• _Instructions to follow_: Would you write out each line of the material below exactly, skipping every picture?

• _Given information_:
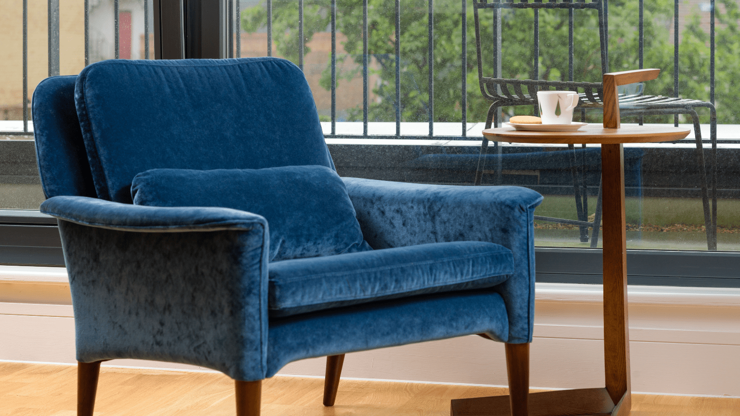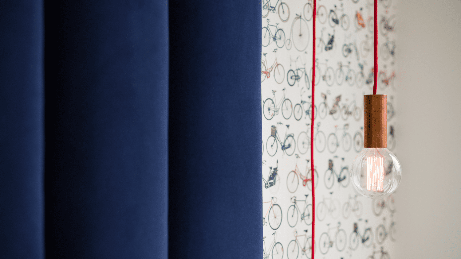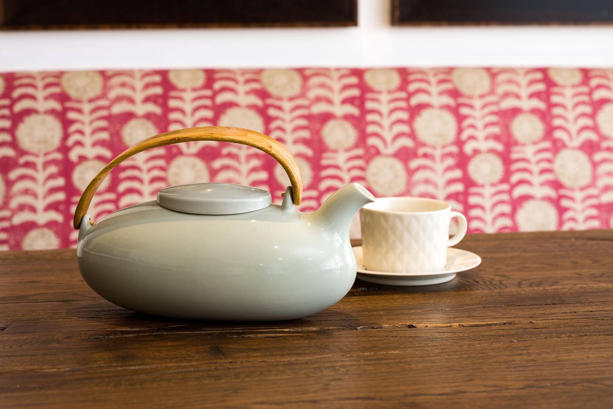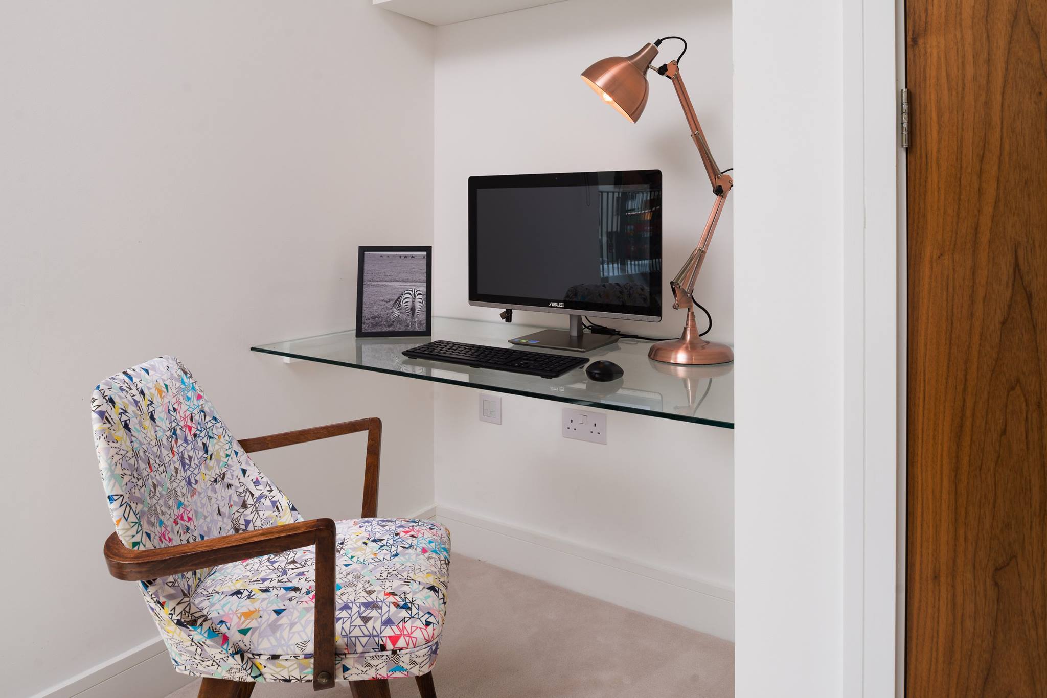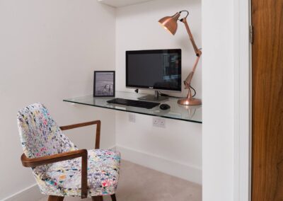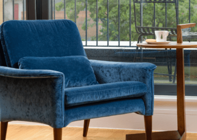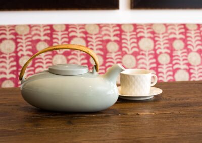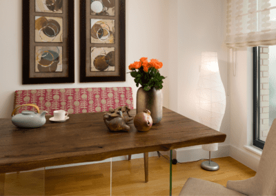 The bedroom with its opulent upholstered headboard is a sun filled haven – through the large French windows and the yellow fun wallpaper. The textures, patterns and pops of color creates a warm and inviting ambiance, reflecting the couple’s unique tastes and personalities.
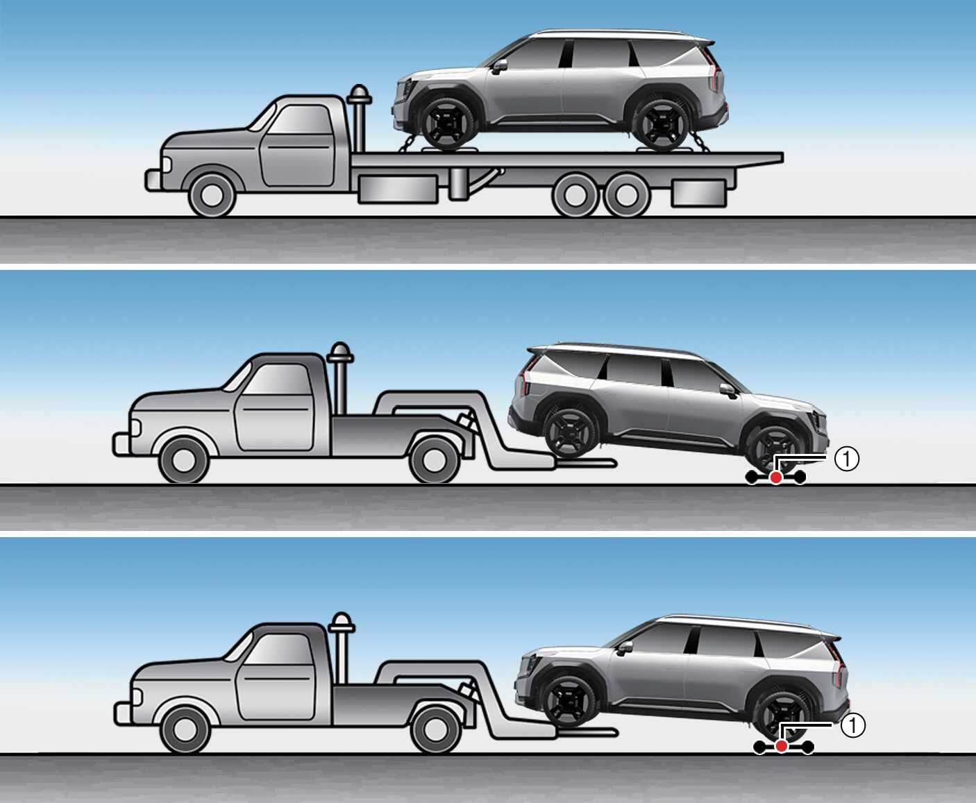Če je potrebna vleka vozila, uporabite dvižne naprave in transportne vozičke, pri čemer so vsa kolesa dvignjena nad tlemi.
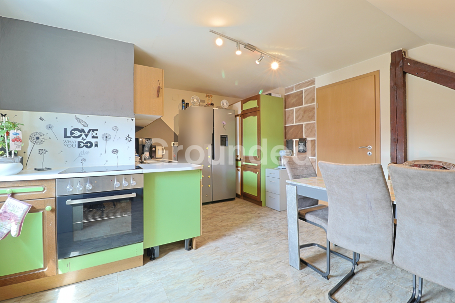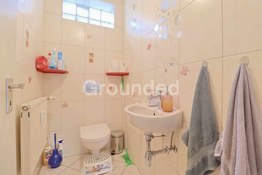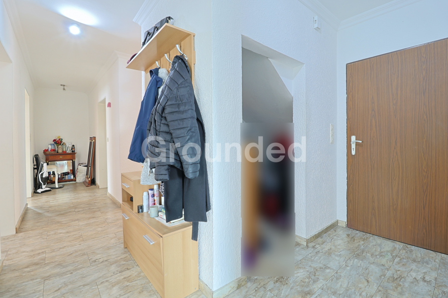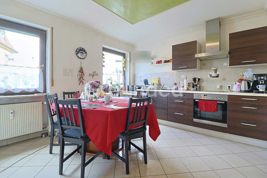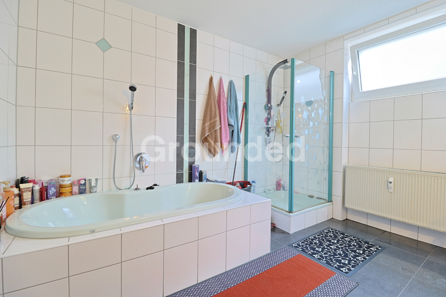 Die Wohnung im ersten Obergeschoss wird aktuell von den Eigentümern bewohnt und wird nach Verkauf des Hauses frei. Sie verfügt über eine Küche mit Abstellraum, ein Wohnzimmer, zwei Schlafzimmer, ein Gäste-WC sowie ein Badezimmer mit Dusche und Badewanne.

• _Written solution_:
 The bedroom with its opulent upholstered headboard is a sun filled haven – through the large French windows and the yellow fun wallpaper. The textures, patterns and pops of color creates a warm and inviting ambiance, reflecting the couple’s unique tastes and personalities.
Če je potrebna vleka vozila, uporabite dvižne naprave in transportne vozičke, pri čemer so vsa kolesa dvignjena nad tlemi.
 Die Wohnung im ersten Obergeschoss wird aktuell von den Eigentümern bewohnt und wird nach Verkauf des Hauses frei. Sie verfügt über eine Küche mit Abstellraum, ein Wohnzimmer, zwei Schlafzimmer, ein Gäste-WC sowie ein Badezimmer mit Dusche und Badewanne.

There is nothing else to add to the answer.